Betfair files EC complaint over Cyprus betting law; OPAP’s free ride could end

TAGs: cyprus, European Commission, greece, OPAP

betfair-cyprus-opapBetting exchange Betfair has filed a formal complaint with the European Commission (EC) over new legislation in Cyprus that bans most online gambling operators from offering most of their services to Cypriots. The legislation, which was passed in July after occasionally rancorous debate, banned all forms of online gambling except sports betting and the passive numbers games offered by Greek gaming giant OPAP. The law specifically banned betting exchanges on the grounds that they were to match-fixers what dogshit is to house flies, a suggestion that prompted howls of outrage from Betfair, which derives 4% of its annual revenues from Cyprus.

Commenting on its letter to the EC, Betfair’s chief legal eagle Martin Cruddace said Cyprus’ new legislation “goes against European free-market principles” and was “clearly incompatible with EU law.” Cruddace defended Betfair’s reputation as a “transparent and responsible operator, with a track record of working co-operatively alongside government in any jurisdiction in which it operates.” Betfair is also convinced that the free ride OPAP received from Cypriot legislators merely served to underscore the law’s inconsistencies.

However, Cypriot legislators are themselves only just learning the full extent of the preferential treatment OPAP has received. Last week, the Cypriot parliament’s House Legal Affairs Committee raised eyebrows with its revelation that authorities had never checked on OPAP’s activities in Cyprus since the company began operating on the island in 1969. As reported by the Cyprus Mail, MPs were taken aback to learn that the bilateral agreement Cyprus signed with Greece in 1969 (and renewed in 2003) effectively exempted the state-controlled OPAP from oversight. Committee chairman Ionas Nicolaou somewhat sheepishly admitted that the knowledge that “no one in authority was aware of how the bets of OPAP in Cyprus are carried out” had opened legislators’ eyes to “the law’s shortfalls.”

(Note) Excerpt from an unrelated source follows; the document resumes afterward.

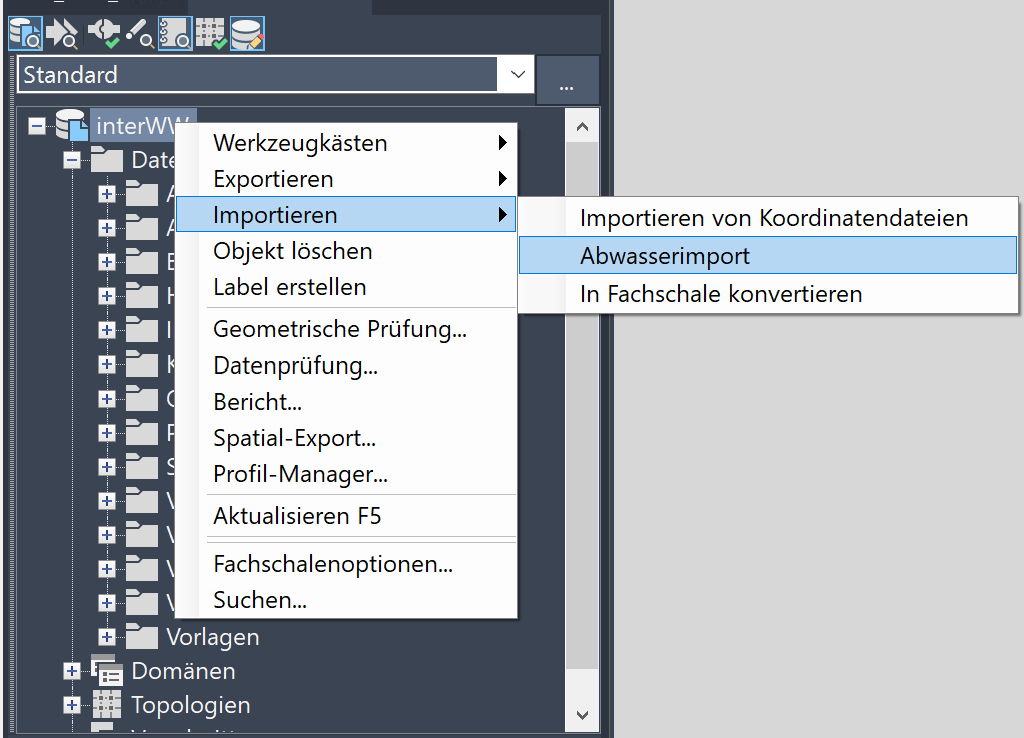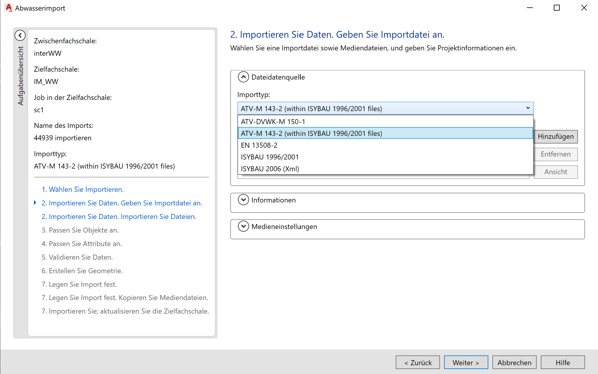 Supported file formats are: ISYBAU 1996/2001, ISYBAU 2006, ATV-M 143-2, ATV-DVWK-M 150-1, EN-13508-2

According to a spokesman for MOKAS, the nation’s money laundering watchdog, “no specific check has ever been made on OPAP bets.” Nicolaou also revealed that the police told him “the force cannot investigate anything relating to OPAP bets, as there are no crimes or penalizations included in the bilateral agreement.” OPAP Cyprus’ general director Michalis Himonas said OPAP was willing to supply whatever info the authorities wanted to see, claiming there was “full transparency between OPAP and the state.” Perhaps, but the knowledge that OPAP is preparing to undergo privatization has convinced some Cypriot legislators that it’s time to rethink OPAP’s favored status.